Didn't notice subtleties in this one, unless the way personal loyalties are pulling people about to their own detriment and that of the group counts. Daryl gets someone killed indirectly, tries to "solve" that but may end up just getting someone else killed too. Similarly Carol leaves to kill no one and ends up killing 4 more and endangering others. Rick fails to find Carol, Rosita et al. fail to bring back Daryl before he gets captured. Everyone correctly prophesied the failures of the stayers' missions, then failed in their own in not stopping those. Only Morgan's might still work. So the episode's pretty much agreeing with his "we're all wrong but only one way to be wrong doesn't drag us down" formula? Since it has him explain the apparent success of his Wolf conversion to Rick, he's both somewhat destigmatized for the audience and those events are brought back to their attention, exactly as the full, horrible ramifications of Rick's Zero Dark Thirty "success" are revealed. So this is maybe the point where people hostile to it are gradually realizing Morgan's side may be the one that's right, here? Not just a moral but a rational high ground? Hard for me to see this since I've been noticing he's the default hero for a while.
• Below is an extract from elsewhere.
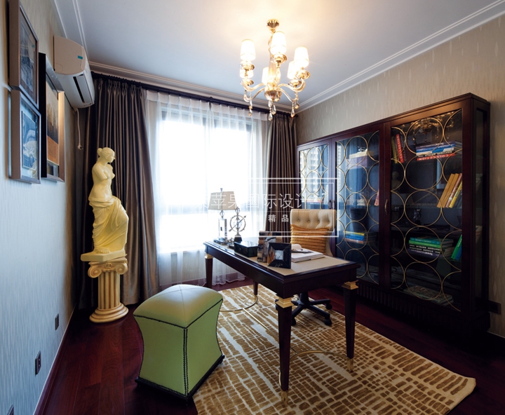 欧式风格的书房,设计师稍加改造,维纳斯的雕像很好的阐释了业主高雅的艺术品位,简单的桌案摆设丝毫不显凌乱,空间虽小,但艺术的气息早已渗透在整个别墅中。在这里看书,恐怕思绪早就随着艺术的线连接到了更高的精神层面。
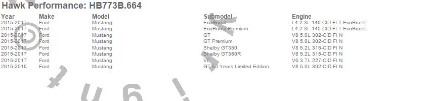 Below is an abreviated list of applications for the HPS 5.0 Disc Brake Pad.

I mean, I assume there's some things he's still supposed to be getting wrong, but he's close to the goal, while everyone else has run downfield to score what's in fact the enemy's point.

Mostly it's setting the finale up.

[identity profile] grashupfer.livejournal.com 2016-03-29 06:04 pm (UTC)(link)
I'm years away from getting to this point, so this will be forgotten later, but anyway they seem pretty keen on this Negan character based on the promo stuff I've seen.

[identity profile] proximoception.livejournal.com 2016-03-30 04:25 am (UTC)(link)
I watch no promo stuff but they've been building him up for like ten episodes now. He's clearly Season 7's Governor.

[identity profile] proximoception.livejournal.com 2016-03-30 04:36 am (UTC)(link)
If you get to the end of 3 do yourself a favor and think of 4 as an absolute relaunch. None of the characters are quite who they were. With "Clear" back in 3 as a buried Prologue. Julie still has trouble with the show because the original characters were all so damn tiresome by 4.1, so she reflexively hates them, and she's not alone - that's still its albatross. It's not that no events, themes etc. are carried over, but they get unobtrusively reestablished or summarized (and usually rerouted) such that you don't need to think back much, except to the Pilot and Clear. And maybe Gimple's "This Sorrowful Life" late in 3. The cyphers get personalities.

[identity profile] grashupfer.livejournal.com 2016-03-30 02:22 pm (UTC)(link)
Thanks this is helpful. I will get back to TWD soon. I have to finish Hannibal, which has been slow b/c I have to watch it on my laptop and I don't like the sound and screen. Also been amazingly entertained by the OJ show. If there's a Johnnie Cochran spinoff it will be the best show on TV.